Validating against a Reference Dataset
Scenario: Confirm that every value in a column is using a value from a table of reference values, e.g. check that a ‘policy_transaction_type’ column contains only valid transaction types, according to a reference table.
-
Set the source data as your left dataset, your ref data as your right dataset.
-
Use the 'policy_transaction_type' column in both the input data and the reference data as the join point
-
Configure two outputs:
-
Output 1: Matched rows + Unmatched from left (this will return all the values in the source data)
-
Output 2: Unmatched from left (this will return only the invalid rows from the input data)

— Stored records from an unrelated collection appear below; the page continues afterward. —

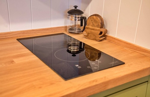 The Shepherd's Hut at Northcombe Farm offers a perfect glamping retreat, combining the charm of traditional design with modern amenities. Located on a picturesque Devonshire farm, this hut provides a cozy and rustic escape, while offering comforts such as central heating, a walk-in shower, and a kitchenette. The hut is ideally situated by a serene lake with stunning views across the countryside, making it a peaceful hideaway for those looking to relax or explore the natural surroundings. Guests will enjoy a well-designed open-plan space, including a double bed, a kitchenette with a dining bar, and a bathroom equipped with a walk-in shower and flushing WC. The sheltered outdoor seating area under the barn roof provides an ideal spot to unwind with a hot drink or glass of wine, even on rainy days. The farm also offers opportunities for fishing in the lake and equestrian activities, while Dartmoor National Park, perfect for hiking and cycling, is just a short drive away. This pet-friendly retreat offers all the conveniences needed for a relaxing stay, including an electric car charging point. It’s a wonderful choice for those looking for an intimate and comfortable glamping experience in the heart of nature.
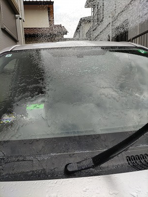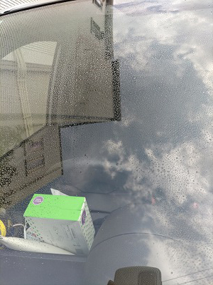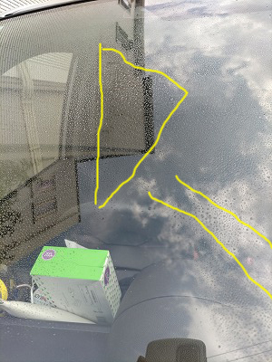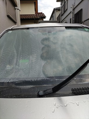 ![]() | フロントガラス、ワイパー傷が酷くて、水の切れが悪い。 試しにスプレーで水してみて。 |
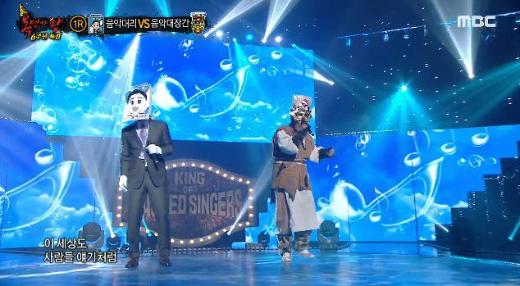 가왕 ‘아기염소’에 도전하는 복면 가수 1라운드 맞 대결에서 복면가수 '물시계'는 비비의 ' 바보 '를 선곡해 열창했다.
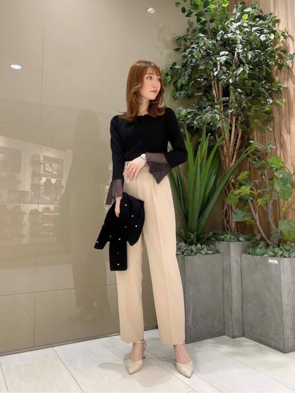 ig:proportionbodydressing ♡ STAFF身長:162cm / 骨格ナチュラル / ブルベ冬 【着用サイズ 】カットソー:FR カーデ:M パンツ:S 【普段サイズ 】トップス:S ボトムス:S 《トップス》 スカラップデザインとドットの刺繍が可愛らしいカーディガンです♡ 少し短めの丈感は合わせるボトムを選ばずにお使い頂けます◎ インナーは袖口のシアー素材が手元を華やかに見せてくれるカットソー。 程よいパフスリーブなのでインナーとしてはもちろん、一枚で着用してもかわいいです! 《パンツ》 脚をすっきりと細長いシルエットに見せてくれるテーパードパンツです! ウエストの後ろ部分がゴムなので着心地がよく動きやすいのも嬉しいポイント◎ トップスをインして着るとゴールドプレートが見えて、より上品な印象を与えてくれます♡
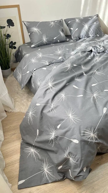 Постільна білизна з гумкою Кульбаба сірий, євро розмір 200х220 см, турецький ранфорс, наволочки 70х70, 100 бавовна
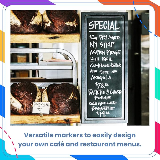 - Can Be Used On Many Surfaces - These perfect erasable chalk markers for blackboard can be used to write on wedding signs, shop storefront, milestone boards, menus, LED board, contact paper, mirror, car window markers, bistro chalk marker
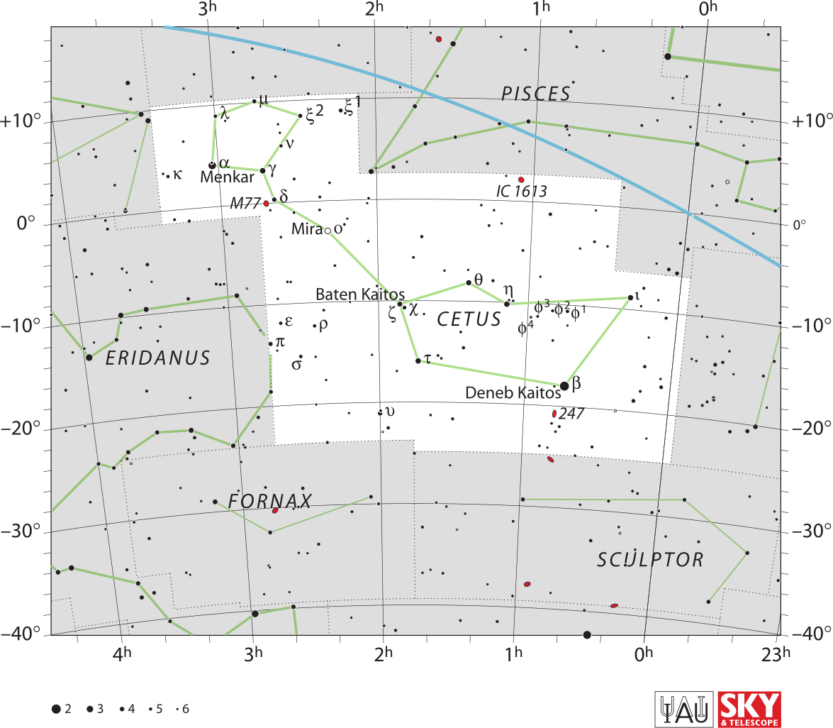 - ο (omikron) Ceti (Mira): kettőscsillag, amely egy változó óriáscsillagból (Mira A) és egy fehér törpéből (Mira B) áll. A Mira név jelentése „csodálatos”. A Mira A egy pulzáló változócsillag, a mira-változók prototípusa. Kb. 418 fényévre van tőlünk, maximális fényessége 3 magnitúdó körüli. Ezen típusú változók mind vörös óriások, amelyek fényessége 80 és 1000 nap közötti periódussal növekszik és csökken. A Mira minimális fényessége pedig 10,1 – ilyenkor láthatatlanná válik szabad szemmel.
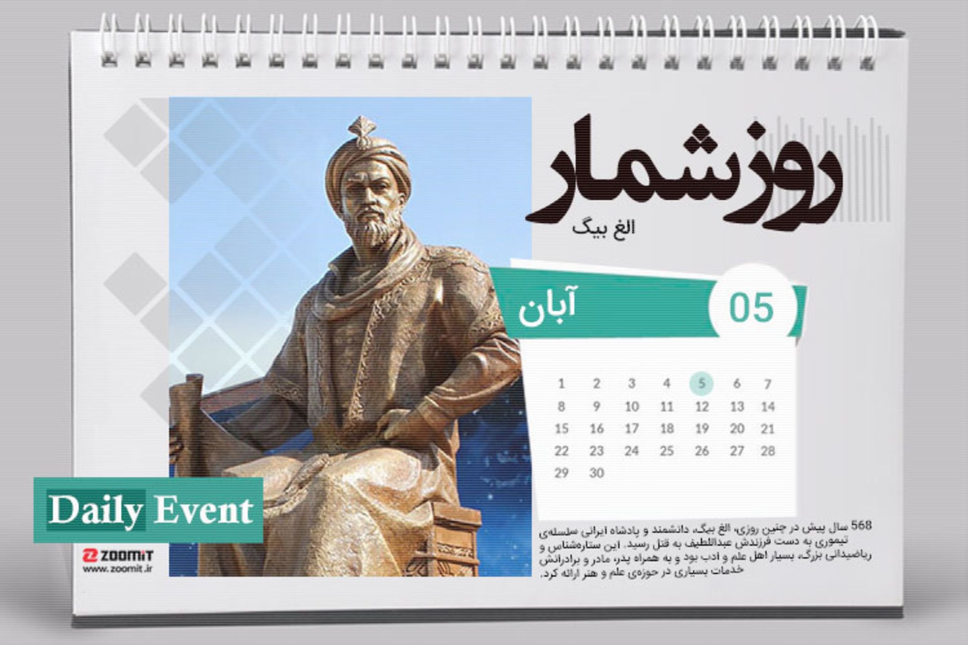 ۵۶۸ سال پیش در چنین روزی (۵ آبان سال ۸۲۸ هجری خورشیدی)، میرزا محمد تَراغای بن شاهرخ معروف به الغ بیگ، پادشاه تیموری و دانشمند سرشناس ایرانی به دست فرزندش عبداللطیف کشته شد. الغ بیگ در منطقه سلطانیه در شمال غرب ایران که در حال حاضر یکی از شهرهای استان زنجان محسوب میشود و در ۴۳ کیلومتری شهر زنجان واقع شده است، دیده به جهان گشود.

You can additionally create an entry in the
Validation Report
to visualise the proportion of failed rows:
-
In a subsequent Transform stage, take Output 1 from the Join as input.
-
Add a
Validate operation
and enter a validation condition to return a warning or failure when 'policy_transaction_type’ column from the source data does not match the ‘policy_transaction_type’ from the joined-in reference data.
-
The failed rows will be reported on in the Validation Report. You can view and download them directly from there – this means you can dispense with Output 2 if desired.
Correct invalid values by fuzzy matching to a reference table
Invalid values identified by the process above can be corrected using fuzzy matching. This is accomplished using
Automap Values
.
In this case you would:
-
Create a Transform stage taking Output 2 from the Join (unmatched rows) as its input.
-
Insert a Map Values operation:
Select ’policy_transaction_type’ column as the ‘map from' value
-
In the ’Settings' column on the right:
Select whether to write the values to a new column (recommended) or to overwrite the existing column.

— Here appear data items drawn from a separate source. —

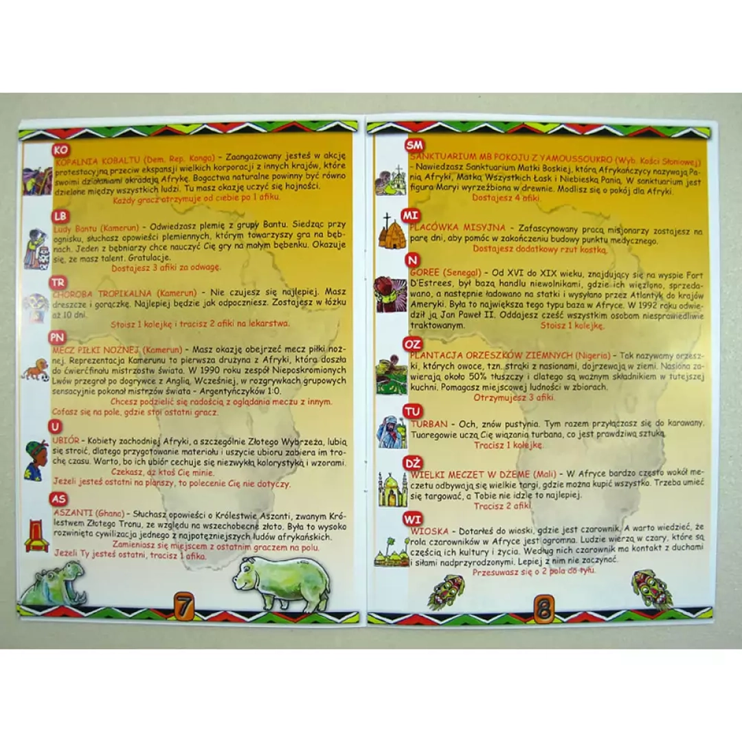 "Poznaj i pokochaj Afrykę" to gra planszowa, która zabierze Cię w fascynującą podróż po kontynencie afrykańskim, łącząc edukację z rozrywką. Ta edukacyjna gra planszowa została stworzona z myślą o dziećmi i dorosłych, pragnących poszerzyć swoją wiedzę o Afryce w angażujący sposób.
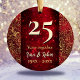 Elegant gold red floral monogram Christmas Wedding anniversary Ceramic ornament. Sparkly ,stylish and elegant beautiful inexpensive gift for couples celebrating their marriage. It’s an elegant wedding anniversary keepsake that can be personalized with your special anniversary information.
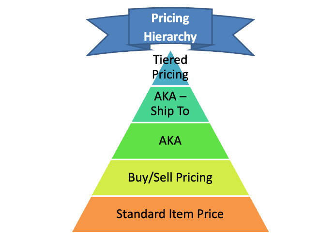 U DelmiaWorks-u se cene artikala ne čuvaju samo na jednom mestu, već postoji čitava „piramida prioriteta“ koju sistem koristi da odluči koja cena važi u datom procesu – npr. na Sales Order-u, Purchase Order-u ili u MRP kalkulacijama. Osnovu čini standardna cena artikla u Item masteru (Standard Item Pricing), ali iznad toga postoje slojevi poput AKA selling cena po kupcu, cenovnih lista, rabata po grupi artikala, kao i specifičnih cena po ugovoru ili projektu, dok se na strani nabavke koriste AKA buying, ugovorene cene po dobavljaču, price break-ovi po količini i valuti. Piramida funkcioniše tako da sistem prvo gleda najkonkretniju cenu (npr. AKA selling za konkretnog kupca i artikal), pa ako je nema ide na sledeći nivo (cenovna lista, default selling price), a tek na dnu je generička cena iz Item mastera – slično i na strani nabavke sa AKA buying i generičkim kupovnim cenama.

Select a value to return when the value is unmapped, or leave it unchanged.
-
Select ‘Automap’:
Choose the reference dataset and column with the approved values.
We recommend leaving the match strength at zero for your first run and leaving
waypointing
deactivated. At this point you can try running the pipeline and seeing what kind of results you are getting. A fuzzy match will be performed against the ref dataset with the results reported on in the
Mapping Report
. You can review these results, adjust match strength accordingly to filter out weak matches, and perform remappings.
-
If desired, you can now join the cleansed values back into the main data.
Note that the Automap Values could equally be performed on Output 1 from the join (returning a 100% match for the correct values). The advantage of this is that it simplifies the pipeline by not requiring an additional step to join cleansed values back in. The disadvantage is that Automap values may take longer to run if it is analysing every row, rather than just the rows we know to be invalid.